O cinema brasileiro em Berlim não repete este ano, com "Um Copo de Cólera", de Aloízio Abranches, o fenomenal sucesso de "Central do Brasil", unânime vencedor do festival do ano passado. E nem é tarefa fácil. "Cólera" faz parte dos filmes de temática forte, atrevida, de amores irregulares. Ou de amores dilacerados, como quer o estranho conflito na trapaça literária de Raduan Nassar.
Julia Lemmertz e Alexandre Borges fazem boa figura em cena. Mas o texto, praticamente declamado pela dupla de amantes, soa datado. O espectador não é preparado para o que o espera: um amor carnal e selvagem, um repique demolidor de tudo que segue ao furor sexual. As esperadas cenas fortes de sexo (quase explícito) não são de causar estranhamento no panorama desta seleção muito dirigida para a comunidade homossexual. Elas mais causam constrangimento. Se assim quis o novato Abranches, ponto para ele.

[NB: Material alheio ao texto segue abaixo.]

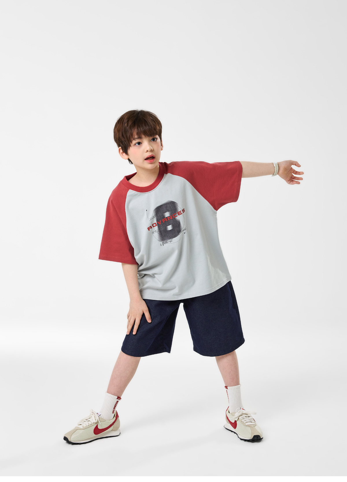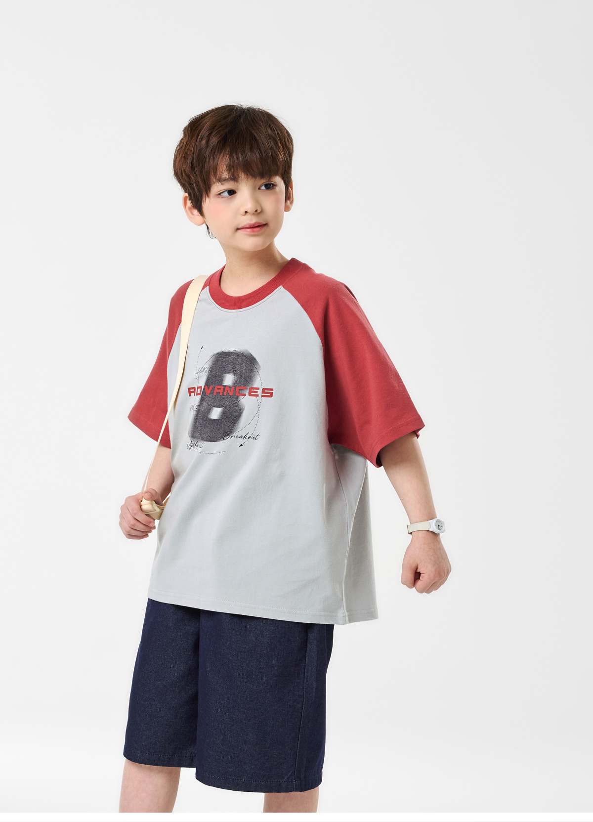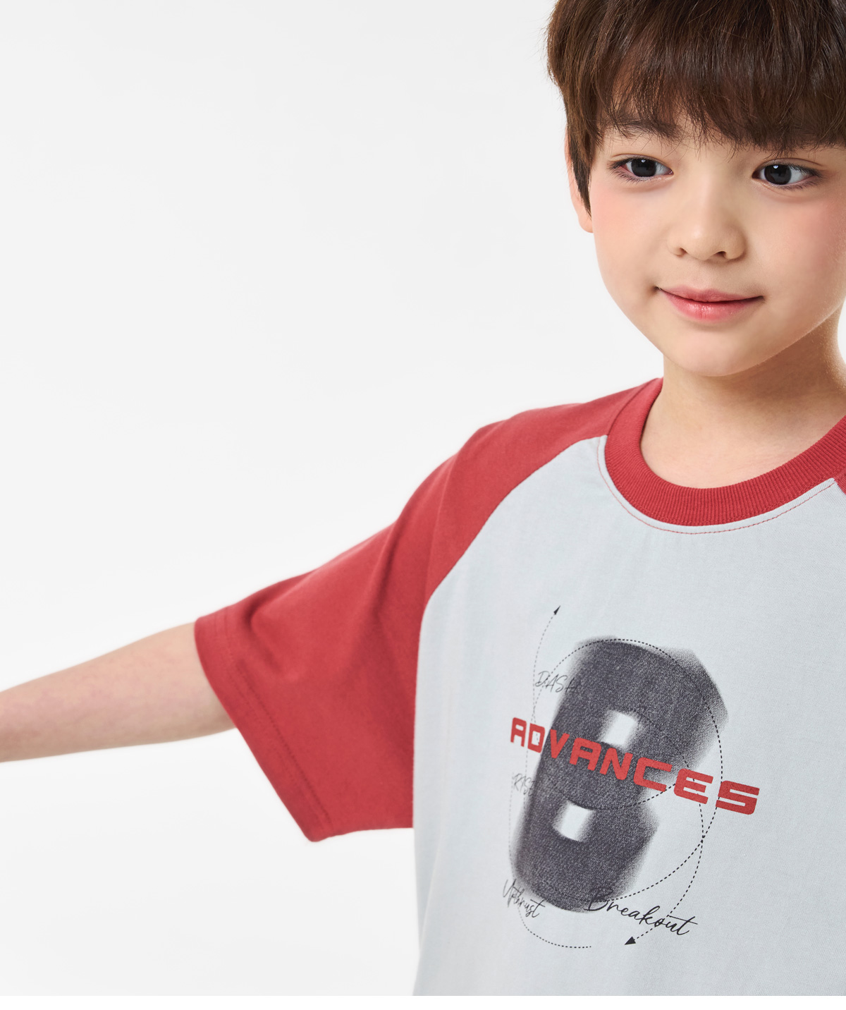 배색 래글런 소매와 프론트 프린팅이 포인트인 쿨그레이 티셔츠예요.

Senão, esperamos angustiados, na curta duração deste longa (72 minutos), por um realismo mais mágico que o prometido. Prometido nem tanto pelo que o filme desenrola, e sim pela mítica que envolve a efêmera obra de Nassar.

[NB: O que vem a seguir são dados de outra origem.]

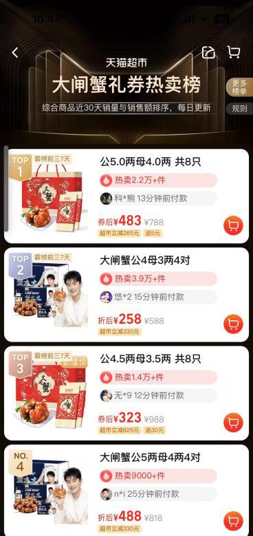 一直以来,星农联合与天猫超市有着良好的合作基础,据悉,星农联合大闸蟹为天猫超市天机大闸蟹提货券类目销量第一,在天猫超市大闸蟹礼券热卖榜中,已连续霸榜前三7天。

"Cólera" resulta mais num exercício de disciplina, uma respeitosa reverência a um escritor. Como cinema, à parte o notável esforço de fotografia e luz de Pedro Farkas, o furor incontido de dois personagens que se amam e se maltratam, peca mais por seus excessos verborrágicos do que carnais.

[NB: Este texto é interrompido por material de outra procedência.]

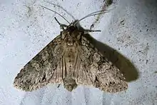 The wingspan is 41–52 mm. Forewing white tinged with brownish grey; stigmata as in Polia advena and Polia tincta; submarginal line preceded by black wedge-shaped marks, with one more conspicuous before the indentation of submedian fold; hindwing dull whitish, with, cellspot, veins, and a broad marginal border smoky fuscous; — ab. pallida Tutt represents a very white form taken in Scotland, with many of the dark transverse markings obsolete; — bimaculosa Esp. is the darker grey form with blacker markings; — robsoni Collins is a strong melanic form from Cheshire in the west of England only; there are also two aberrations from East Asia, — asiatica Stgr. (= lama Stgr.) being dull grey and smaller than typical, while askolda Oberth. from Askold Island [now ssp.] is a large brown form; — ab. calabrica nov. [Warren] is a very large form; the forewing with pale blue-grey ground colour, irrorated and suffused with dark grey in basal half (in one example all over the forewing), with all the lines and stigmata strongly expressed in black and pale grey, the submarginal line in particular being continuous, black and dentate, the hindwing is likewise much darker, with all the veins, the cellspot, and outer line wellmarked; a series of four males and ten females, in the Tring Museum, taken on the Sila Mts., near Botte Donata, Calabria, 800–1000 m, July 1907, by Dr. O. Neumann. This form reminds one somewhat of Polia goliath Oberth.[1]

O conflito parece mais uma trapaça, um jogo que envolve o leitor/espectador como quem quer saídas de emergência para espaços abertos e arejados. Se também assim queria o desenrolar da sua adaptação, mais louvores para o disciplinado Abranches. Mas não é o que se passa. O sexo pode ser a síntese de todos os conflitos e provações. Talvez recursos para um filme mais longo completassem o que parece faltar na apresentação do casal que se ama e se odeia. Para não banalizar a essência do seu jogo, nada melhor do que um verniz literário. É como o filme parece querer se resolver.